ACTIVITY ▸ Please, from the entries below, transcribe exactly the lines that begin at the line with "傍晚时分,社区广场十分热闹,居民们看见总" and end at the line with "Jouant sur les", without the pictures.

RECORDED DATA ▸

++++++++++++++++++++

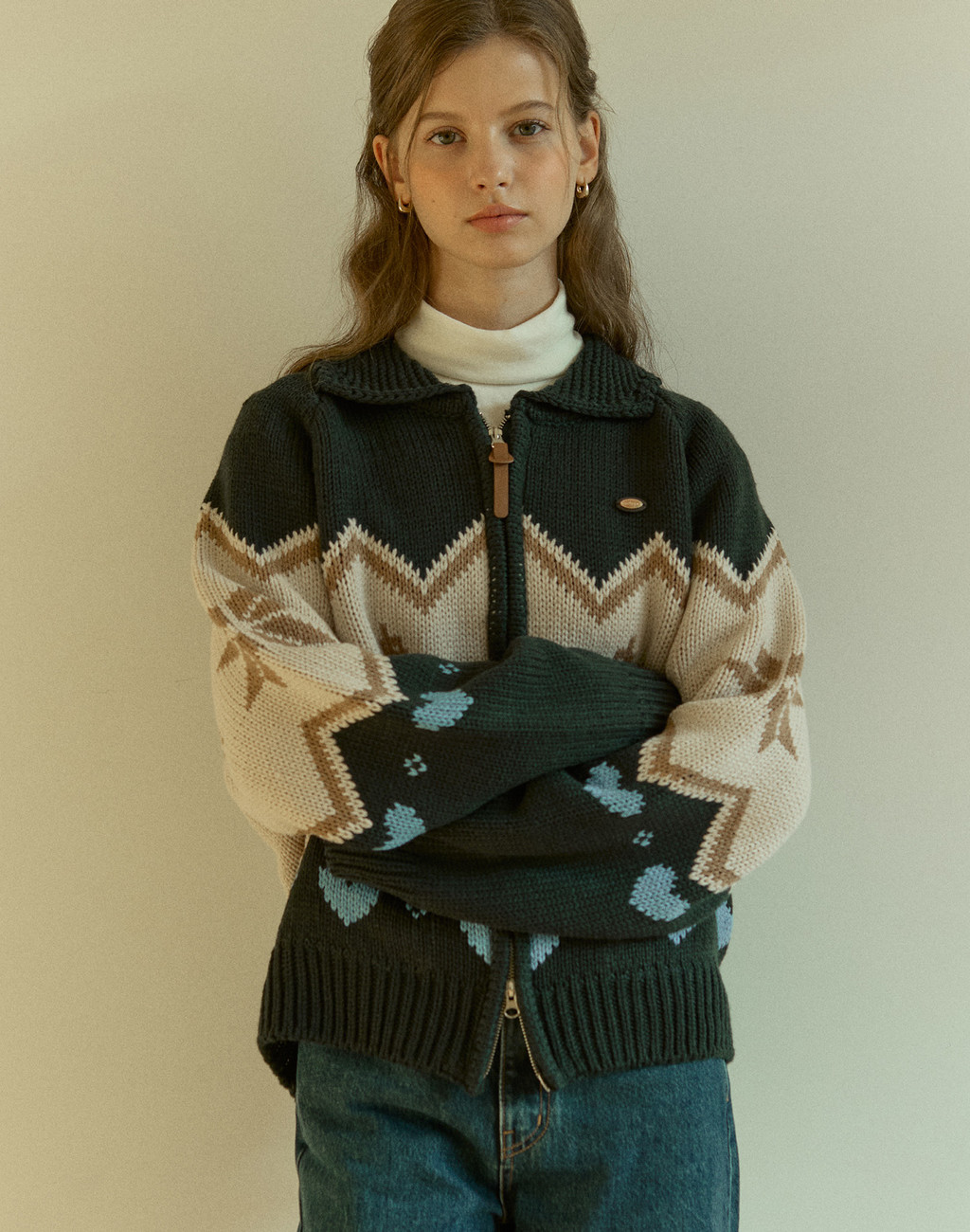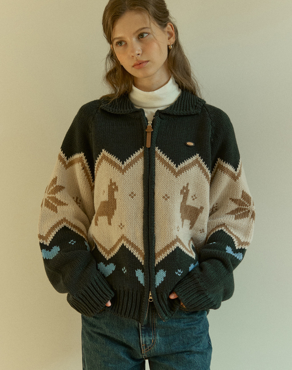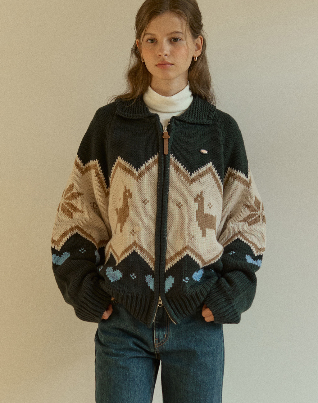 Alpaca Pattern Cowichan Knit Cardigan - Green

++++++++++++++++++++

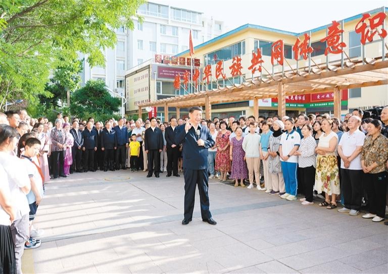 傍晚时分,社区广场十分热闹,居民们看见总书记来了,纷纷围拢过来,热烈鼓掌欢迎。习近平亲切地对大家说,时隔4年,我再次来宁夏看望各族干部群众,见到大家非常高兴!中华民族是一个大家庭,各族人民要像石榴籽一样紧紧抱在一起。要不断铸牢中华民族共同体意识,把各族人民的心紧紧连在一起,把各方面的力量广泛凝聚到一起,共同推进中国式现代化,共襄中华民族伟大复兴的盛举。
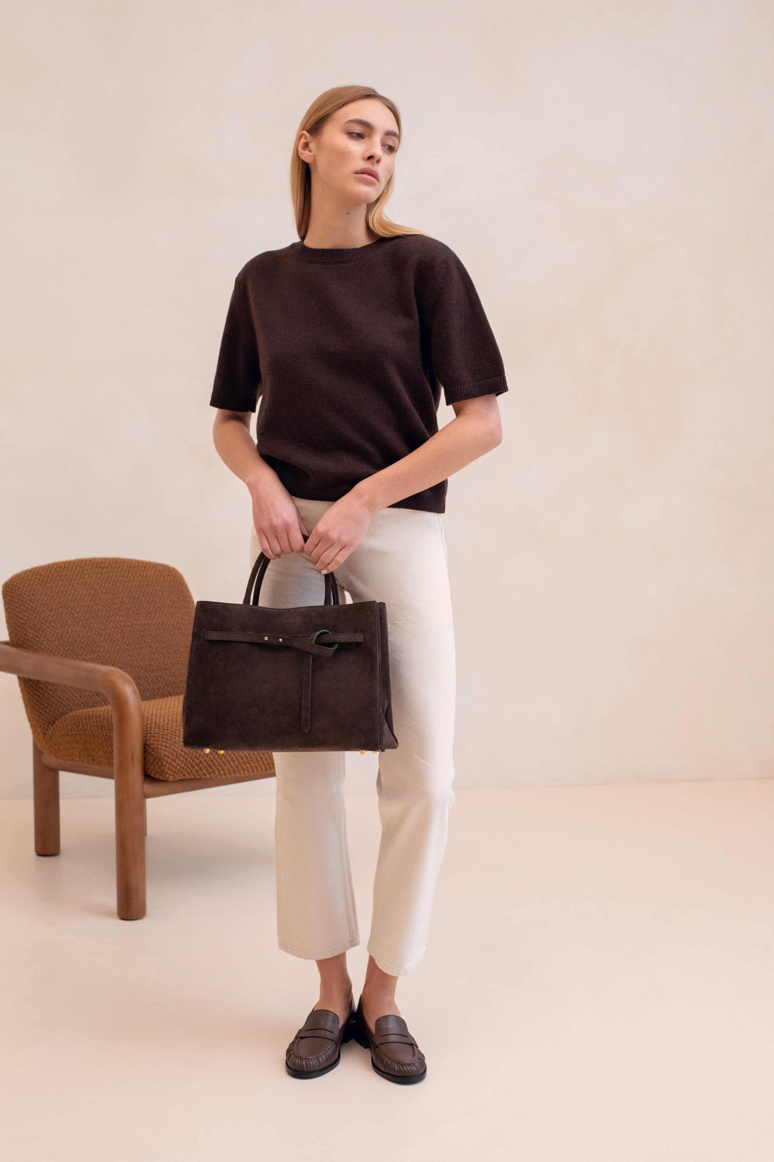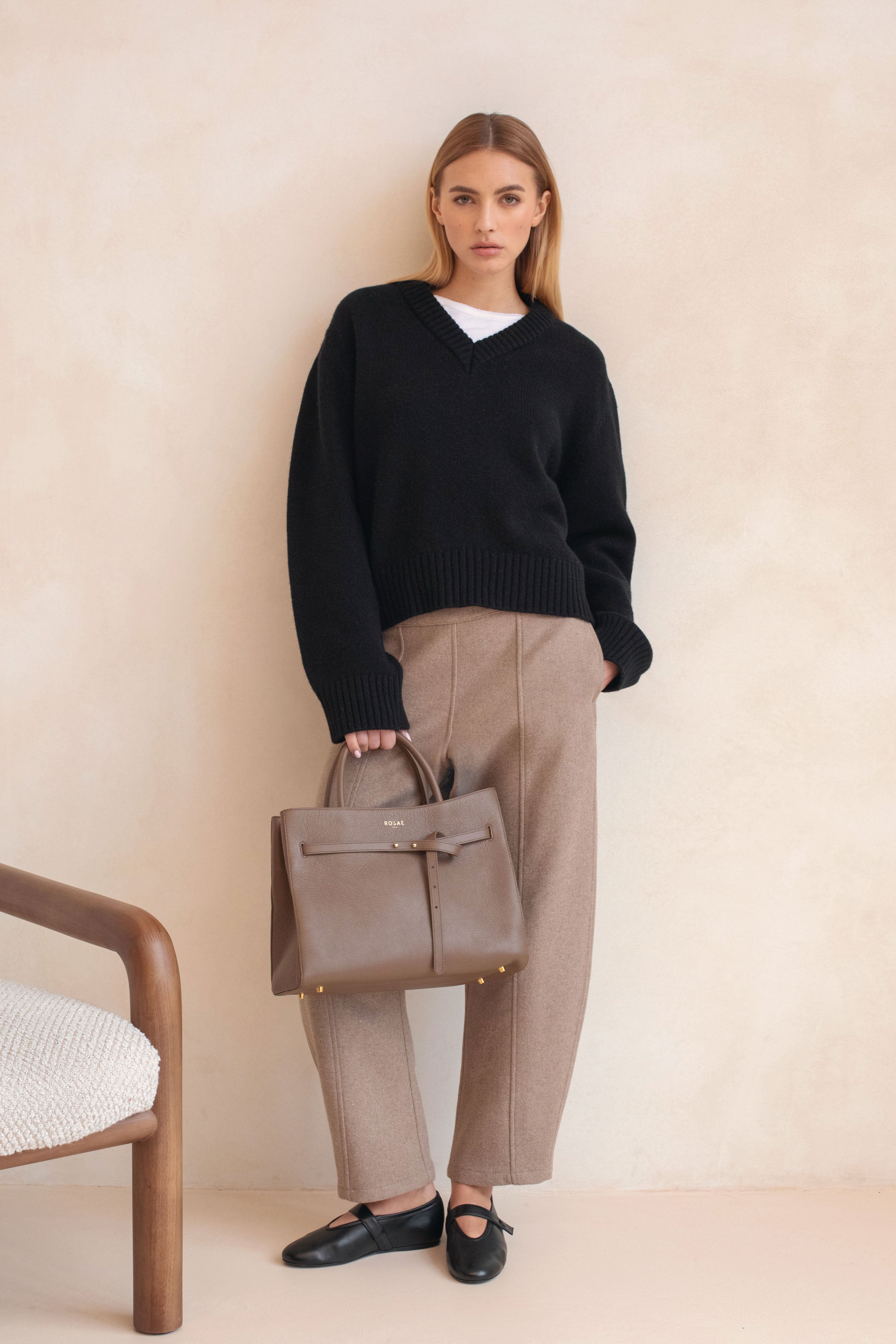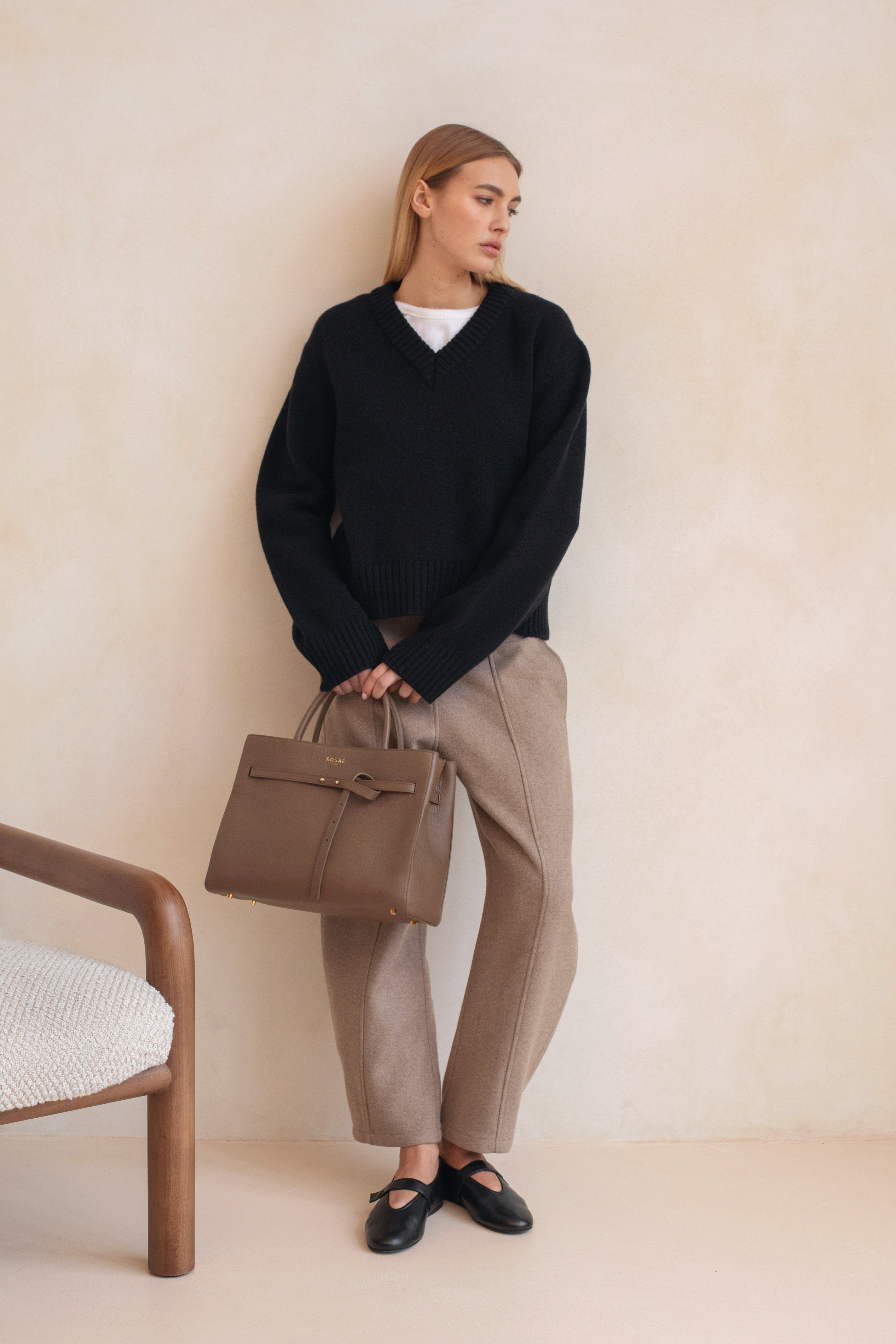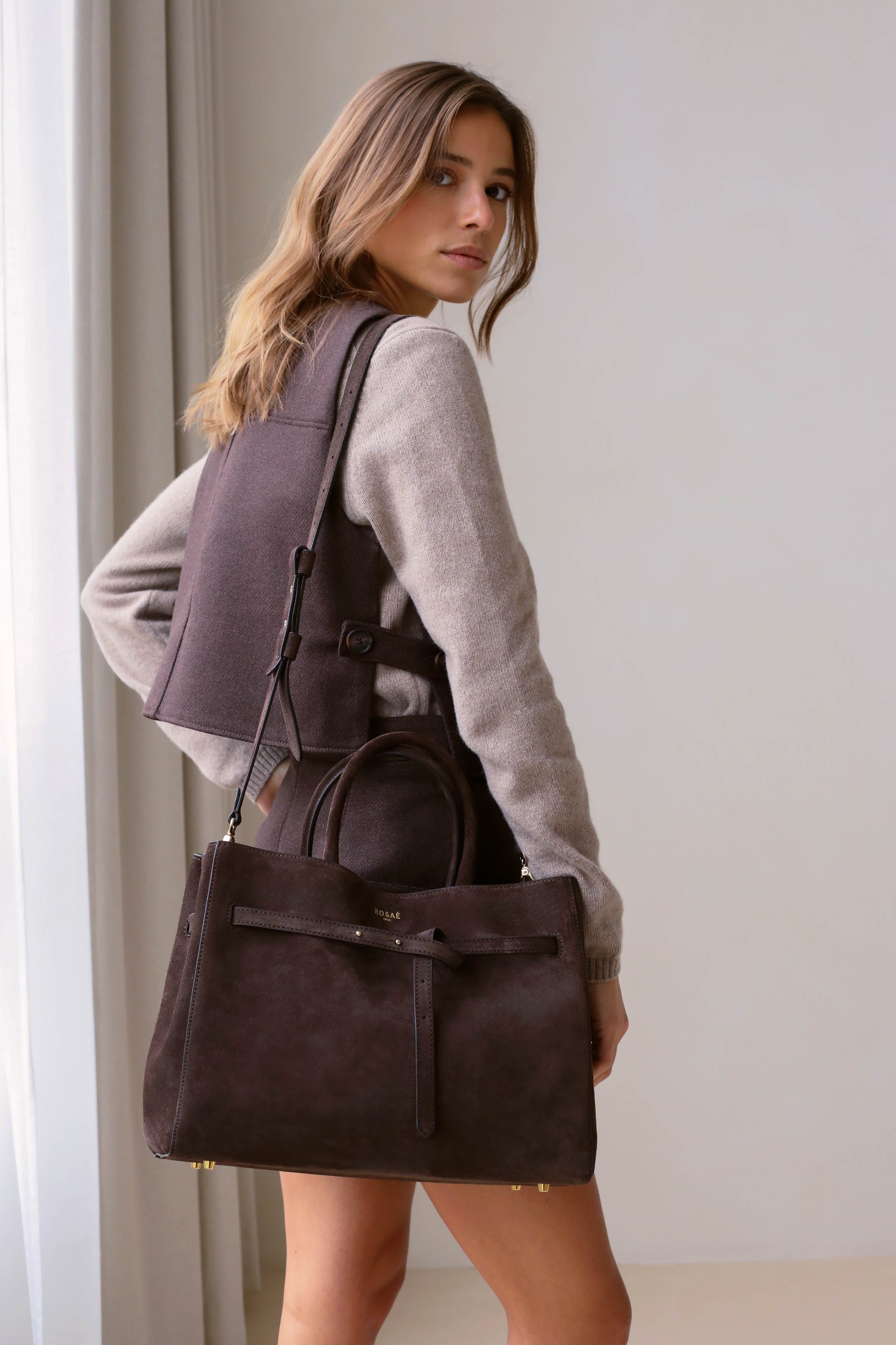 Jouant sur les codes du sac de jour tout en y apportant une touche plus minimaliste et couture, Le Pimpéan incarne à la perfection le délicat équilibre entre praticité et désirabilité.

++++++++++++++++++++

RESPONSE AREA ▸
 傍晚时分,社区广场十分热闹,居民们看见总书记来了,纷纷围拢过来,热烈鼓掌欢迎。习近平亲切地对大家说,时隔4年,我再次来宁夏看望各族干部群众,见到大家非常高兴!中华民族是一个大家庭,各族人民要像石榴籽一样紧紧抱在一起。要不断铸牢中华民族共同体意识,把各族人民的心紧紧连在一起,把各方面的力量广泛凝聚到一起,共同推进中国式现代化,共襄中华民族伟大复兴的盛举。
 Jouant sur les codes du sac de jour tout en y apportant une touche plus minimaliste et couture, Le Pimpéan incarne à la perfection le délicat équilibre entre praticité et désirabilité.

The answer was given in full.